I was 'taught' Indonesian and Spanish in primary school and just couldn't retain any of it. Though I don't think any of us did, maybe the lessons were awful. And like I said, I've been to tokyo three times (for probably six weeks in total) and I still struggle with it. I really think I'd have to live there for a year and have a job there - maybe teaching English so I'm set with people who can interpret and teach my Japanese in return, before I could make any leeway. 

For a good year and a half I listened to audio - every day, missing maybe one or two days here and there, and I still only know the very basics. It's the hiragana, katakana and kanji which trip me up. I can do the basics like order food, handle accommodation, even go to a doctor and say what I'm ill with and understand how to take the medication they're giving me... but for all my years of study and hardcore attempts, I'm not fluent. At all. 

I'm just incredibly awful with languages, no matter what I try. And I've tried. Oh I've tried! I think it's because we were never taught the very basics of English. My schooling - though I've only been to one for primary and middle, and one for high school - were awful and had huge gaps and blah.
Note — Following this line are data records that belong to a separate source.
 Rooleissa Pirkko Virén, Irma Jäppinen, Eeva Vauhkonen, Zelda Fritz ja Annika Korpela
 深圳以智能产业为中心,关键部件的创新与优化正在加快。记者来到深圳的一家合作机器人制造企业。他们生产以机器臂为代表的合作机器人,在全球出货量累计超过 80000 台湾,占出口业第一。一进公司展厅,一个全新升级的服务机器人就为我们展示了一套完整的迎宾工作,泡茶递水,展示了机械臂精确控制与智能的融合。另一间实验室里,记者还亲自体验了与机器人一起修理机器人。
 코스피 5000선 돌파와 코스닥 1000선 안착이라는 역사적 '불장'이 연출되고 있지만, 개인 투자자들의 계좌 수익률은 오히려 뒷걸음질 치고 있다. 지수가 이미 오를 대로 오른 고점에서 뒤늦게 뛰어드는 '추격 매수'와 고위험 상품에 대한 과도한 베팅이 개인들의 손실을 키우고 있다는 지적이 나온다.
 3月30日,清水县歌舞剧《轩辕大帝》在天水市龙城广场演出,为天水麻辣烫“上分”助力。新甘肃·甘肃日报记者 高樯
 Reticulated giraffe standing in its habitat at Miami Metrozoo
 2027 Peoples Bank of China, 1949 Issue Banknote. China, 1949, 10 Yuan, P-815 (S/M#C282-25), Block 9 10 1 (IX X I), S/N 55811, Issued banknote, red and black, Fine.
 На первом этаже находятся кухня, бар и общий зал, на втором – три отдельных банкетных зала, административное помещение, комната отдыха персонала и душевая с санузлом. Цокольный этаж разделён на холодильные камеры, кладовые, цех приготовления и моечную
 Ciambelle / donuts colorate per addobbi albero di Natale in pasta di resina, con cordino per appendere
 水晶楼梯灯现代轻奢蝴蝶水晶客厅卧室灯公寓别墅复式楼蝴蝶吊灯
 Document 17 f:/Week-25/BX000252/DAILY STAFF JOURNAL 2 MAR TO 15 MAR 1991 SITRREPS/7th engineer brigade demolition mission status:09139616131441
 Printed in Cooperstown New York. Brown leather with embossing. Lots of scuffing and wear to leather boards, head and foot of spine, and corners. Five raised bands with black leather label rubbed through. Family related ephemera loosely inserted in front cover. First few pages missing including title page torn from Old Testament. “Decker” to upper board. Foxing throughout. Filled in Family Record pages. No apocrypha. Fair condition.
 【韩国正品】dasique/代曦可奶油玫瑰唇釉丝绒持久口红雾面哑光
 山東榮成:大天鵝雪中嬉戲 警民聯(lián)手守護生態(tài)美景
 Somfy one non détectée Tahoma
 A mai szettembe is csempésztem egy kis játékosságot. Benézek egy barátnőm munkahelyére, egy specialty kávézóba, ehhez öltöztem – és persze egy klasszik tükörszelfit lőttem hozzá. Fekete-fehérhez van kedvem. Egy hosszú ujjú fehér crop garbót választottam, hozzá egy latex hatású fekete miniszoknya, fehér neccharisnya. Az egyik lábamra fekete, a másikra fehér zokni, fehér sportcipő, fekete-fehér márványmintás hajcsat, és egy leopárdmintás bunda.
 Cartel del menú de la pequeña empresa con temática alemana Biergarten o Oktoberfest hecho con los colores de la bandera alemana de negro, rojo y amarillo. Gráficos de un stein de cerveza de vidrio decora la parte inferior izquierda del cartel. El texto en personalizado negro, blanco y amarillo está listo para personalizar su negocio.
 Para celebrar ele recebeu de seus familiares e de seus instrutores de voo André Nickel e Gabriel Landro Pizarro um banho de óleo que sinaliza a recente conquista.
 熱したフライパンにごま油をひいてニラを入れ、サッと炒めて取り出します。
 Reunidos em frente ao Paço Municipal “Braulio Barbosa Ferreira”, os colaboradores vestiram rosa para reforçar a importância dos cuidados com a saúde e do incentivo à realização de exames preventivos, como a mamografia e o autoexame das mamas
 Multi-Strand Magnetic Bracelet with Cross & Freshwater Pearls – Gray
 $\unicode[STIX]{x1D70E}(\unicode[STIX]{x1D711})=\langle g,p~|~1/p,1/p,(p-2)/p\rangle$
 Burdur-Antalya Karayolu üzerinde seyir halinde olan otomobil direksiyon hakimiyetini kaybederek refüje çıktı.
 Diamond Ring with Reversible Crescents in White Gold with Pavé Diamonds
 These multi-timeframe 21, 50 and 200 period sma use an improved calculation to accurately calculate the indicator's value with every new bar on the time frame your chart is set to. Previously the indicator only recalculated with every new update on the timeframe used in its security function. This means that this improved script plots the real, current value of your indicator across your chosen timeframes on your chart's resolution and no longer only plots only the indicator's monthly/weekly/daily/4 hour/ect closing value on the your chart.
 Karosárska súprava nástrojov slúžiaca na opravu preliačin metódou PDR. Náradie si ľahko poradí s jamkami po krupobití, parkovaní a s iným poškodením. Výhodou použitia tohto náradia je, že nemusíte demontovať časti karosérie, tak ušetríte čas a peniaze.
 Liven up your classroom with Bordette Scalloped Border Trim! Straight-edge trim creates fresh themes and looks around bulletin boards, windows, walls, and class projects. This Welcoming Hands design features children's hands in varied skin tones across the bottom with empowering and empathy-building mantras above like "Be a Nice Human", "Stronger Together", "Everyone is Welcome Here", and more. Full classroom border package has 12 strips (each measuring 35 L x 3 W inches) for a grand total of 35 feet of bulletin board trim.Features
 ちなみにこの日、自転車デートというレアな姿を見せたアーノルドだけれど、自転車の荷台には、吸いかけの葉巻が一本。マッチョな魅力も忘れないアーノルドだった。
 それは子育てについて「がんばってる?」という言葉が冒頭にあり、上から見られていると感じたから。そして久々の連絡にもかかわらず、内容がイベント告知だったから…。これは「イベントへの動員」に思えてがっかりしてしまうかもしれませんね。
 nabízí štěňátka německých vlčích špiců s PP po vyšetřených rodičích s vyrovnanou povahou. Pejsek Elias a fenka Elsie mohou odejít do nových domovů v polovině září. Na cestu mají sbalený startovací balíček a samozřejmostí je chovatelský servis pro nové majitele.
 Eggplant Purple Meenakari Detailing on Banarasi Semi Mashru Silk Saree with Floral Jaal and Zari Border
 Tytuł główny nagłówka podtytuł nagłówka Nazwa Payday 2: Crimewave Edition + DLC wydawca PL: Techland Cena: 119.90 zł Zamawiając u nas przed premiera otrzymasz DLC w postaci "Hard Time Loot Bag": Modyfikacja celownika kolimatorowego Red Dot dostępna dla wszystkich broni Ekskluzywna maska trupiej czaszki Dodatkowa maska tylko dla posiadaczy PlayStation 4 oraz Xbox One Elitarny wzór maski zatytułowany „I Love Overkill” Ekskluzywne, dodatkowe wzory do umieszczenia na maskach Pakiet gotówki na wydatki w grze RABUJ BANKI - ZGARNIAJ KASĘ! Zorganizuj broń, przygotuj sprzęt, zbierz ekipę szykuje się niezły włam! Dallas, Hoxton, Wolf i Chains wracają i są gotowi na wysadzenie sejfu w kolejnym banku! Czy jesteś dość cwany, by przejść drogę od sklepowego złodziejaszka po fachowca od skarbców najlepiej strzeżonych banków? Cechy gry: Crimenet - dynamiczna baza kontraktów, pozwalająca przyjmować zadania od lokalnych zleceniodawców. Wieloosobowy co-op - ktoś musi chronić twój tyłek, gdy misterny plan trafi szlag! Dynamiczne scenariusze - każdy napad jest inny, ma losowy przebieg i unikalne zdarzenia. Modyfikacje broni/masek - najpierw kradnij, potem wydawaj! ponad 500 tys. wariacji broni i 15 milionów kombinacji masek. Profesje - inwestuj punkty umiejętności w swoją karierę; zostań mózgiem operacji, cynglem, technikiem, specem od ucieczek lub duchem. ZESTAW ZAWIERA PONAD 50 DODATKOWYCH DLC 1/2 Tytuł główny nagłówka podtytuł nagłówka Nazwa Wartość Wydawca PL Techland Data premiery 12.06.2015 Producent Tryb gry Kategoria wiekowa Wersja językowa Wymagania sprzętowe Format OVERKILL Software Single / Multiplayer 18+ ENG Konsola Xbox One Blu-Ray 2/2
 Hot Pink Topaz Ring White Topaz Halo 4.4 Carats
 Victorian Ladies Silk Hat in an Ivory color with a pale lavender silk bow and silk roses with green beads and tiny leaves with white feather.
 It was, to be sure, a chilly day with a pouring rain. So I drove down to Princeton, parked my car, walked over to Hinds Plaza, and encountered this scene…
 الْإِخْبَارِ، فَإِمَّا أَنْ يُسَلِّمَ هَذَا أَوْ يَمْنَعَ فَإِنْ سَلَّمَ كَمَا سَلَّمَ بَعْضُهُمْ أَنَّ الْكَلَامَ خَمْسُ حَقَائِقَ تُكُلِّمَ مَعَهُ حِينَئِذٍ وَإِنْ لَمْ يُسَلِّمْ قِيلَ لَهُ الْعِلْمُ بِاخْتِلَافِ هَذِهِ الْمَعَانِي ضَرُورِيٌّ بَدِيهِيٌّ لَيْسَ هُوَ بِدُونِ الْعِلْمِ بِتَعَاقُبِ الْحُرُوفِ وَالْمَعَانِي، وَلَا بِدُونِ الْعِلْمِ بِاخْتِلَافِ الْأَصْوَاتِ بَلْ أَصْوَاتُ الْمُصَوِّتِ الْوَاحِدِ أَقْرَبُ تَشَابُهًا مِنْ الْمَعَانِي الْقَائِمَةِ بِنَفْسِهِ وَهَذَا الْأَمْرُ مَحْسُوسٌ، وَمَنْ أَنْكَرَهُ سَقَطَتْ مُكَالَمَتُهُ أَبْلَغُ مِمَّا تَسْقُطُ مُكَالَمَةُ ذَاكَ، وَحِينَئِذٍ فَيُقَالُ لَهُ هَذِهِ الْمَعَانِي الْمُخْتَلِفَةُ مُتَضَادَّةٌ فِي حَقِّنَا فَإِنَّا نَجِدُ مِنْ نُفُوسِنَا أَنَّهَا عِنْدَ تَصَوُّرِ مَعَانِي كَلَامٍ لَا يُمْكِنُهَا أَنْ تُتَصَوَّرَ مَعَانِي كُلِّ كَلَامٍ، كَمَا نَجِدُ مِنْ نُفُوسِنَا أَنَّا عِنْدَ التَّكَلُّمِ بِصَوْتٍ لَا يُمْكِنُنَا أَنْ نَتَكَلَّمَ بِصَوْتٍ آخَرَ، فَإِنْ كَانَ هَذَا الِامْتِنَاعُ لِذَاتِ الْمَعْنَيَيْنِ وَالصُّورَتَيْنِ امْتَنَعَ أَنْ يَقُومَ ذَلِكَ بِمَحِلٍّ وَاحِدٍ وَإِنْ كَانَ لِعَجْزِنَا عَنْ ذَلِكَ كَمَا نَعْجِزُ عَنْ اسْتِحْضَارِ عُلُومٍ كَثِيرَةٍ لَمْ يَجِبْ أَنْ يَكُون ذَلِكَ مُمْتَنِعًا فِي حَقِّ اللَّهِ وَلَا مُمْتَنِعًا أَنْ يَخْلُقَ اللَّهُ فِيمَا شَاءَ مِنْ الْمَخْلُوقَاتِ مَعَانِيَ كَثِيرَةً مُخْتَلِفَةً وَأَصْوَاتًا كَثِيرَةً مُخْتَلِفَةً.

Though of course it comes to me to teach myself, too, but when the primary years are lacking, it's hard to make up what you've missed.

Excuses, excuses.


----------



## Philip Overby (Aug 29, 2011)

@Starconstant:  I've been studying Japanese on and off for about two years.  I am fine with kana, but kanji is just too overwhelming.  My wife is Japanese so she deals with most of my daily affairs, yet that makes me feel useless.  And when we meet with her family I don't understand anything anyone is saying.  Immersion I think is really the best method.  You will only learn so much from studying.  You have to been thrown in the deep end and just figure it out.  Meaning go talk with Japanese people until you start to recognize patterns and build from there.

So a genie would definitely help me learn!


----------



## Ravana (Aug 29, 2011)

starconstant said:


> My partner and I are having heaps of fun at the moment writing a silly little thing where two characters have a newer 'capsule' as they call it, and it can do virtually anything they like. Though the kitchen keeps moving.
> 
> Currently it's showing up as a glowing tree. A 'regular' silver tree that has softly glowing blue bulbs, or seedpods.



Hee hee. There ya go. In the original series, the Master's was always in much better working order–or, at any rate, his chameleon circuit always worked. 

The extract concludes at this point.